= Beginning of Section =

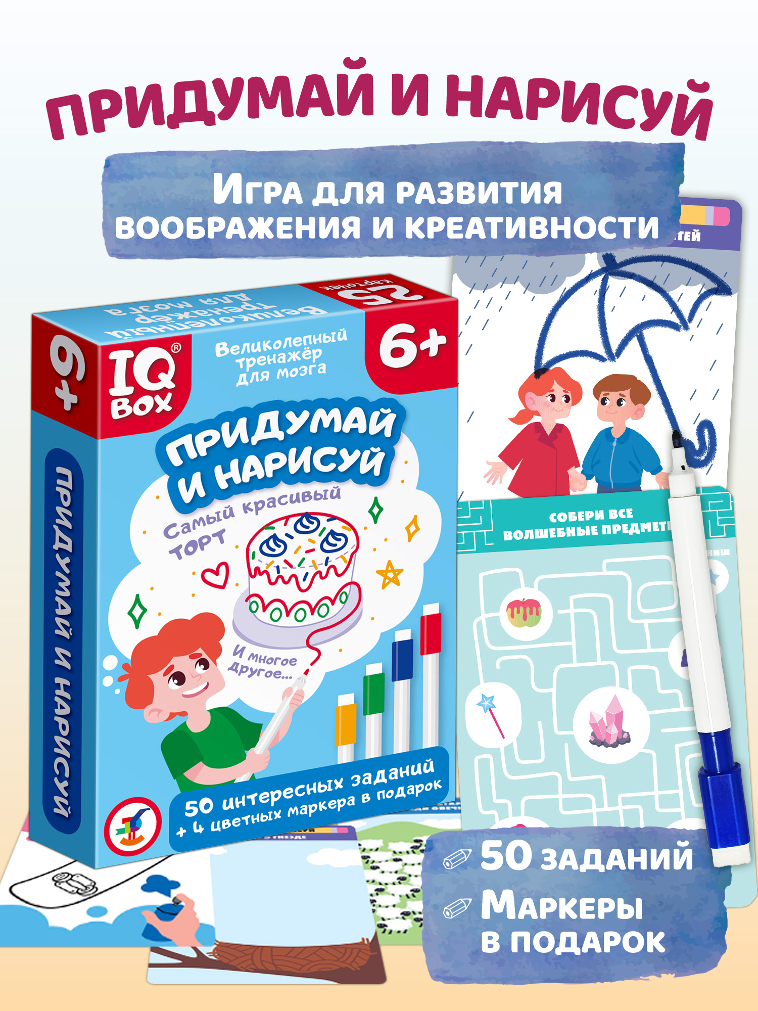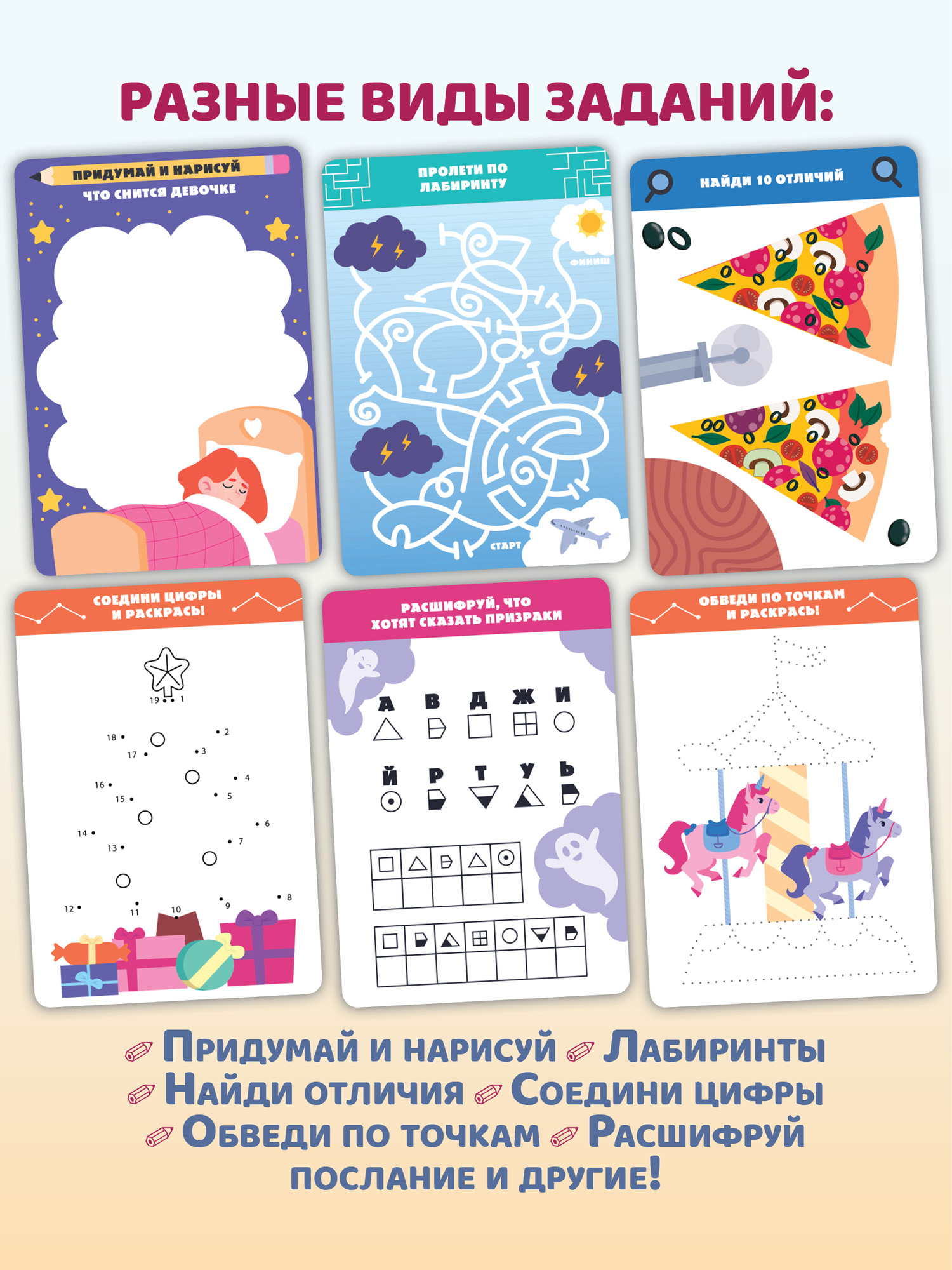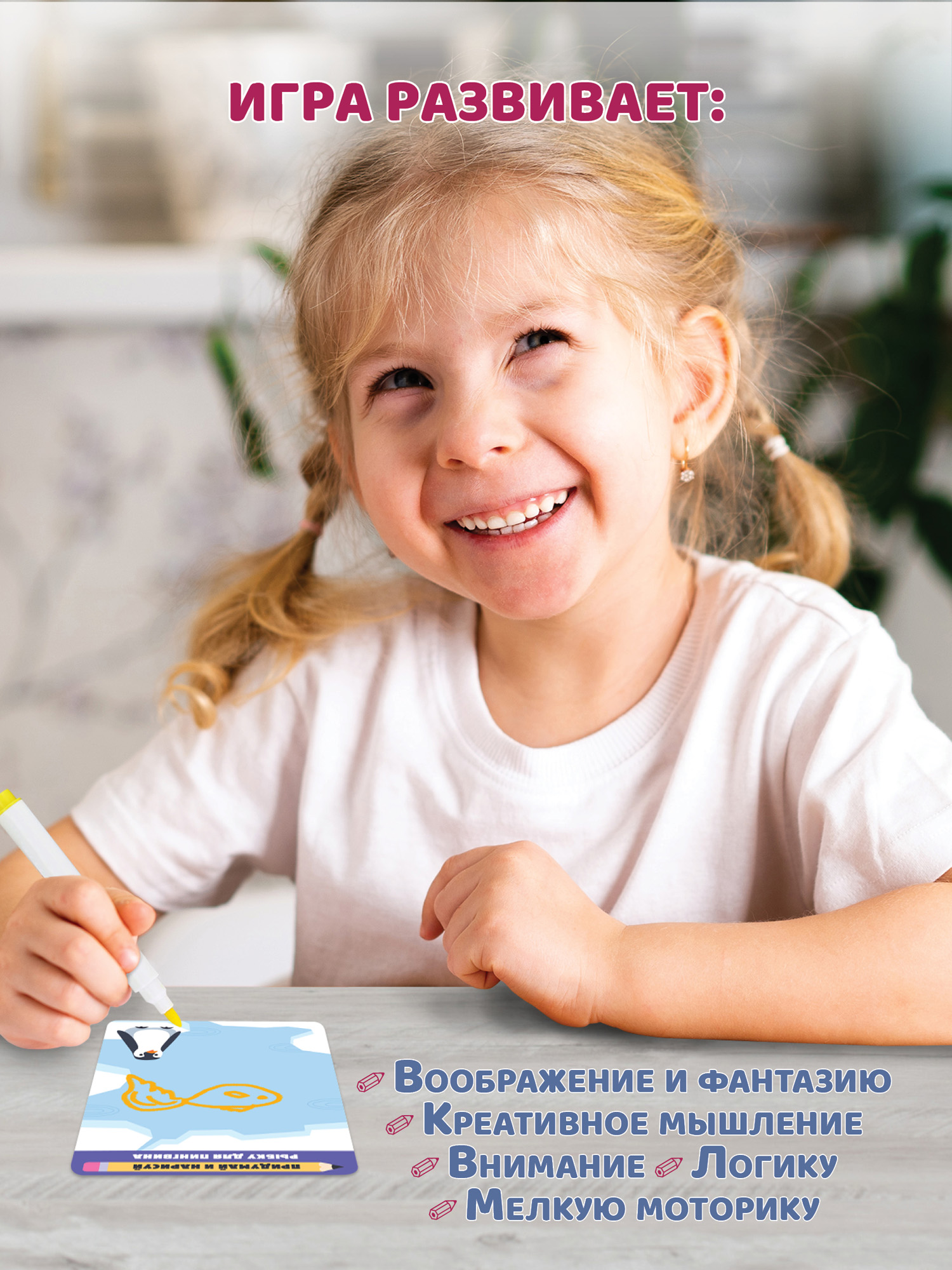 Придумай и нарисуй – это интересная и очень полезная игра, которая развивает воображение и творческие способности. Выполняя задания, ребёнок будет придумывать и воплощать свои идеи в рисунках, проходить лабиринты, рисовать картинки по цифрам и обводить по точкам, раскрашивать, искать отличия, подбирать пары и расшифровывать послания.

= End of Section =
= Beginning of Section =

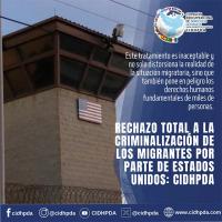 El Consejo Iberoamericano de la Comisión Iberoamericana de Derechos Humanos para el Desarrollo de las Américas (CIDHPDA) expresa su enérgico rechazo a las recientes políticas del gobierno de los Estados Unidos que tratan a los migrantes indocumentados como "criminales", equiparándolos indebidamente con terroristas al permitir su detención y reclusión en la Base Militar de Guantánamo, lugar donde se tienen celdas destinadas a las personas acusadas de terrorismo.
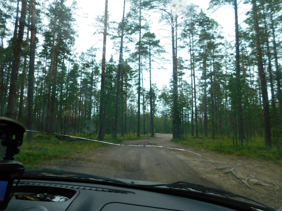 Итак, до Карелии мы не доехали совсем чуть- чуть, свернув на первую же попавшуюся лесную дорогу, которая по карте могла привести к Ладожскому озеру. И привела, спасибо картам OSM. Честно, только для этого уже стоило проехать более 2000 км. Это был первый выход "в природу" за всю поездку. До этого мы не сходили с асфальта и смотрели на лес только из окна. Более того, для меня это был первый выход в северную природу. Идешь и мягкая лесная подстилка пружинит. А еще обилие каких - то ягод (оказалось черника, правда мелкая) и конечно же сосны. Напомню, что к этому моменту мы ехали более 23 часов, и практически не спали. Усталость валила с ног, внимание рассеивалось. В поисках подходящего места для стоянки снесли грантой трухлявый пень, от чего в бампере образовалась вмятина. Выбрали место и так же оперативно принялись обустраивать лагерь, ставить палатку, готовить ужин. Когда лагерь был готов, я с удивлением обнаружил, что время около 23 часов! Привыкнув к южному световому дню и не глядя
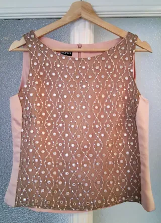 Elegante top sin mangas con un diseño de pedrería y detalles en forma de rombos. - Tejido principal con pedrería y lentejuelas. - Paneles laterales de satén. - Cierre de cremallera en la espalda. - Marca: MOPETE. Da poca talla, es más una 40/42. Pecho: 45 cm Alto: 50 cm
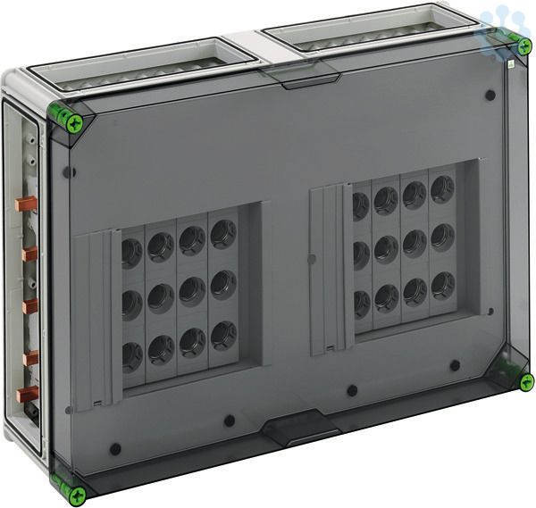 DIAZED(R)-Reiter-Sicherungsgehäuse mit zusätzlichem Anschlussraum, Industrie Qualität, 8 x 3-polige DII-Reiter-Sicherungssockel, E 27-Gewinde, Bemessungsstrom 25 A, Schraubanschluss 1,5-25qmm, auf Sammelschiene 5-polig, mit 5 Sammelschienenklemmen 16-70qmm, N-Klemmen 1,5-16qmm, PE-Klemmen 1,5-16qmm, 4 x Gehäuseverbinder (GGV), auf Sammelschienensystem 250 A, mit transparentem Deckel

= End of Section =
= Beginning of Section =

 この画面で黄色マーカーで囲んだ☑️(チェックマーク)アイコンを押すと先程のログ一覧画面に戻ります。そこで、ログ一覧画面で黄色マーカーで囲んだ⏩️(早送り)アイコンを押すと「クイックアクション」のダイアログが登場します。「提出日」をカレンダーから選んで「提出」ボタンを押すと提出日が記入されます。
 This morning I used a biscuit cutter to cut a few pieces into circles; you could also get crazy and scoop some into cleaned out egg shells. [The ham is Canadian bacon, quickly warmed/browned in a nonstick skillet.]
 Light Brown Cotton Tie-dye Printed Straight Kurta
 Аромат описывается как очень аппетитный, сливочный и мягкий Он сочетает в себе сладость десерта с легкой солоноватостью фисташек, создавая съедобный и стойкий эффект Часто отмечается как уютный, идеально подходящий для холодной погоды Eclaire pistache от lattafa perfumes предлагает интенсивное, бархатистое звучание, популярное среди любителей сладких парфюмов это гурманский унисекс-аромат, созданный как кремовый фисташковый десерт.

= End of Section =

(Work to be completed)
Take exactly the lines from the one containing "This morning I" through the one containing "Аромат описывается как" in the data above, and output them with nothing added.

(Reply)
 This morning I used a biscuit cutter to cut a few pieces into circles; you could also get crazy and scoop some into cleaned out egg shells. [The ham is Canadian bacon, quickly warmed/browned in a nonstick skillet.]
 Light Brown Cotton Tie-dye Printed Straight Kurta
 Аромат описывается как очень аппетитный, сливочный и мягкий Он сочетает в себе сладость десерта с легкой солоноватостью фисташек, создавая съедобный и стойкий эффект Часто отмечается как уютный, идеально подходящий для холодной погоды Eclaire pistache от lattafa perfumes предлагает интенсивное, бархатистое звучание, популярное среди любителей сладких парфюмов это гурманский унисекс-аромат, созданный как кремовый фисташковый десерт.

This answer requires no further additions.